[WORK ITEM] Every line from the one holding "Get ready to" through the one holding "Authors such as" in the data below must be returned exactly, both ends included, with pictures left out and nothing else added.

*** Opening STUDY MATERIAL ***

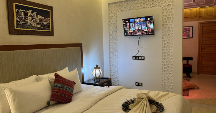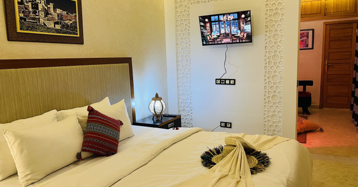 The hotel Riad Tislite & Spa is about 150 km from the airport. The air-conditioned halal hotel is equipped with a 24h reception, a lounge as well as a lobby. For the smallest children prams can be rented in the hotel. You can store your luggage in the hotel's storage room. If necessary, you can contact the medical centre. The energy supply is 220 Volts. For guests on their honeymoon, the hotel has special offers such as a romantically-decorated room, personalised rooms/articles, rooms with a particularly romantic location and view, romantic dishes in the restaurant, sparkling wine, a present, a basket of fruit or flowers in the room. In your hotel, a lot of focus is placed on sustainability. This includes among others the hotel`s own recycling bins. For water, gas and a club card may incur extra charges at the hotel. American Express is accepted as means of payment. Due to its barrier-free facilities , such as wheelchair-accessible bathrooms, the hotel is also suitable for wheelchair users. Catering As catering services the hotel offers half board, half board plus, full board and full board plus. Breakfast is offered continental or à la carte. Enjoy your lunch with starters and desserts as well as salads from the buffet or à la carte (extras on request). Dinner is served as a set meal with starters, salads and desserts. Half board includes breakfast. When booking half board plus, breakfast and selected imported spirits (limited) are included. All Inclusive Light includes international alcoholic beverages. When booking all-inclusive, one meal in the à la carte restaurant is included. As part of the all-inclusive service, coffee and tea (24h), international alcoholic beverages (24h, limited) as well as international alcoholic beverages (unlimited) are available at no extra charge. In the gastronomic area also gluten-free dishes are served. Guests are requested to wear appropriate clothing at lunch. Distances
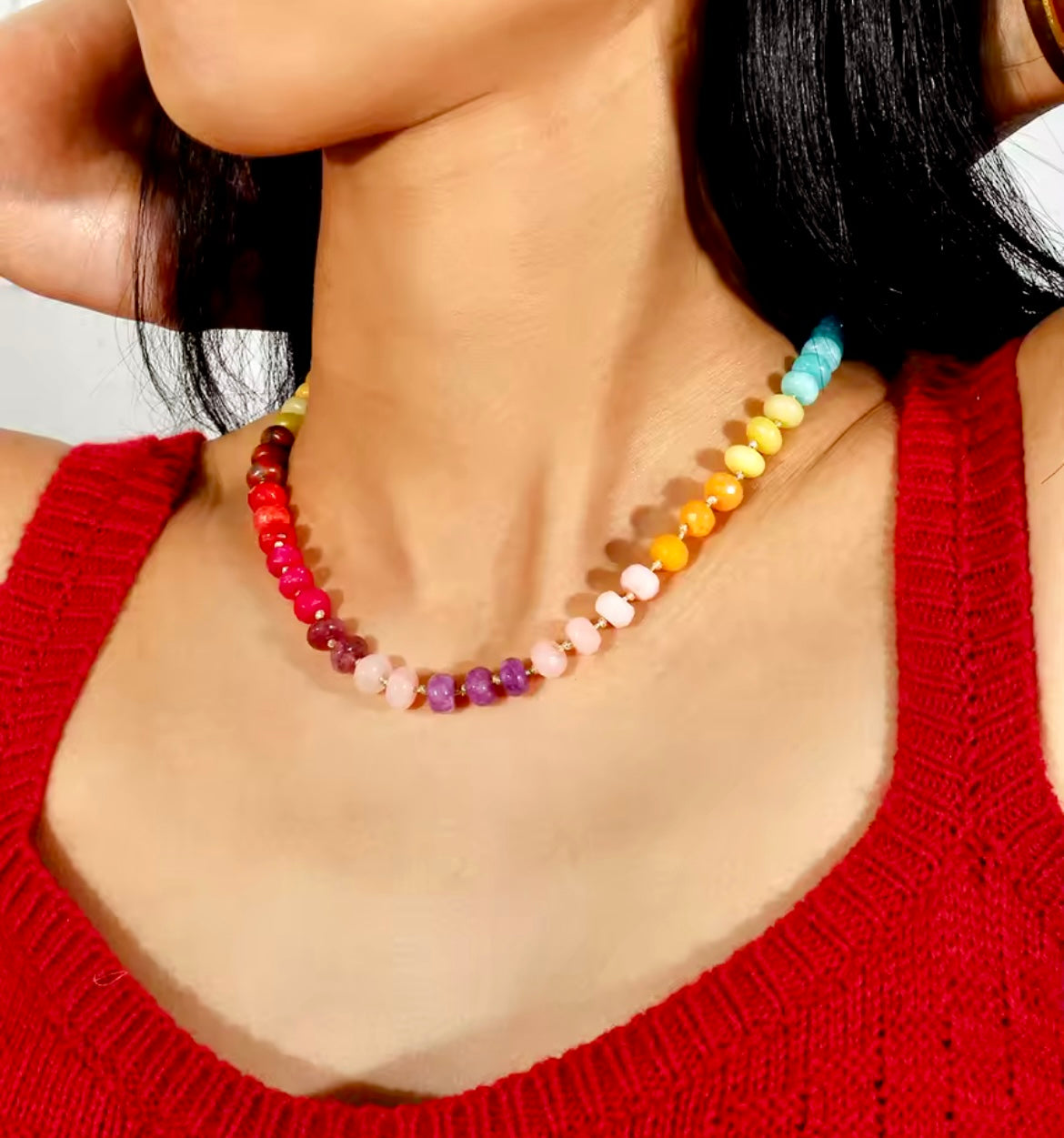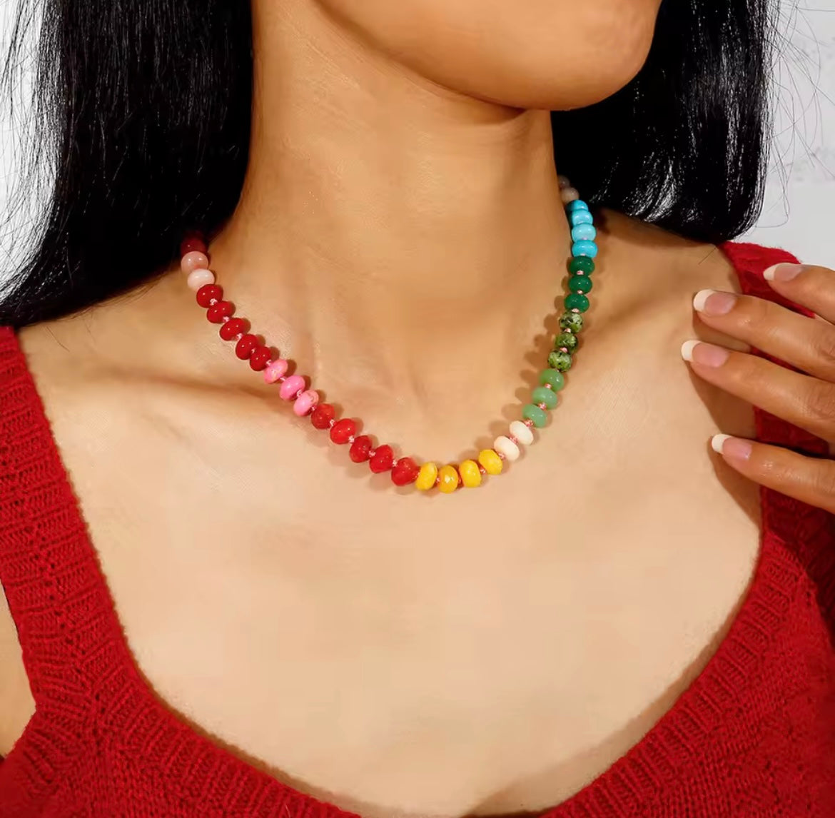 Get ready to add a burst of color to your look with our playful smooth tumbled stone "candy" necklaces! Layer them with all your favorite accessories for a trendy, eye-catching style. After all, who doesn't love a little sweetness in their fashion?
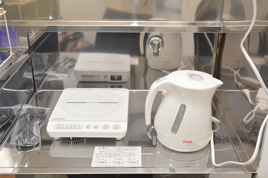 ◆ホットプレート、たこ焼き器を使用される場合は、電源ブレーカーの容量上、家電の同時使用はご遠慮ください。もしブレーカーが落ちた場合は、スペース内の玄関上にブレーカーボックスがありますので、お客様で復旧をお願いいたします。(家庭用のブレーカーと同じタイプです)
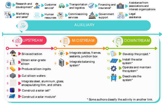 Authors such as [27,28] identify the construction of the balance of system (electrical components that facilitate the operation of the modules) within this context. Nevertheless, a larger number of authors categorize it in the subsequent link. The authors of [28] categorize research and development activities and the installation of the photovoltaic system in the primary link, although other authors classify them in the auxiliary and downstream links, respectively, as will be demonstrated subsequently.
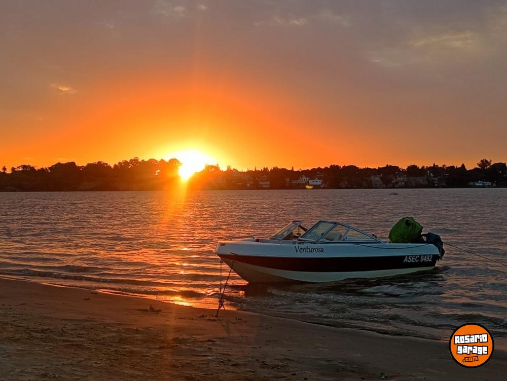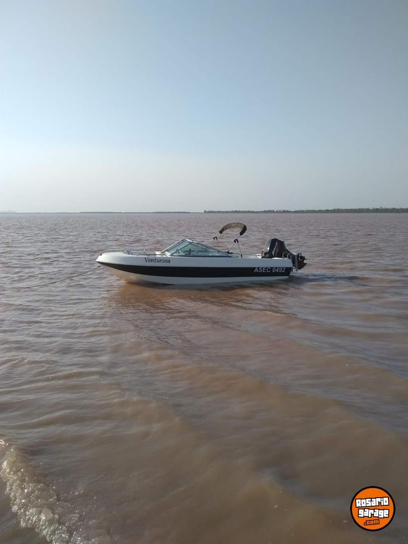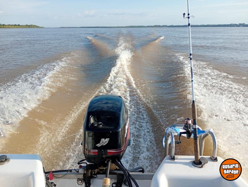 Mercury 40 hp , 2 cilindros americano, impecable , full , power trim , automix , arranque eléctrico , ecosonda , luces led ,bomba de achique, escalera , toldilla , tanque original Quiksilver Mercury , con elementos de seguridad ( todo ) , conjunto del 2013 , uso familiar , buena lancha , poco uso . se encuentra en guarderia con cuna en pueblo esther. posee un trailer no rutero , Titular , lista para transferir , patentes al dia.
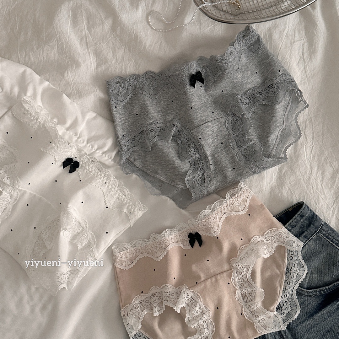 레이스 가장자리 순수한 10A 긴 가랑이 ~ 면 속옷 여성의 아기 면화 프랑스 웨이브 포인트 중간 허리 소녀의 브리프를 원합니다.스토어 가기
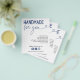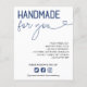 Waschanleitung Einsteckkarte für Ihr kleines Geschäft mit handgefertigten Waren. Handgemacht für Sie in einer bezaubernden Kombination aus Vintagem Schriftart und Skript mit einem Herz in marineblau. Fügen Sie eine Waschanleitung in schwarz hinzu. Unter den marineblauen blauen Social Media Icons handhaben Sie Ihre Social Media. Fügen Sie auf der Rückseite ein Foto zur Werbeaktion hinzu.

*** Closing STUDY MATERIAL ***

[EXERCISE ANSWER]
 Get ready to add a burst of color to your look with our playful smooth tumbled stone "candy" necklaces! Layer them with all your favorite accessories for a trendy, eye-catching style. After all, who doesn't love a little sweetness in their fashion?
 ◆ホットプレート、たこ焼き器を使用される場合は、電源ブレーカーの容量上、家電の同時使用はご遠慮ください。もしブレーカーが落ちた場合は、スペース内の玄関上にブレーカーボックスがありますので、お客様で復旧をお願いいたします。(家庭用のブレーカーと同じタイプです)
 Authors such as [27,28] identify the construction of the balance of system (electrical components that facilitate the operation of the modules) within this context. Nevertheless, a larger number of authors categorize it in the subsequent link. The authors of [28] categorize research and development activities and the installation of the photovoltaic system in the primary link, although other authors classify them in the auxiliary and downstream links, respectively, as will be demonstrated subsequently.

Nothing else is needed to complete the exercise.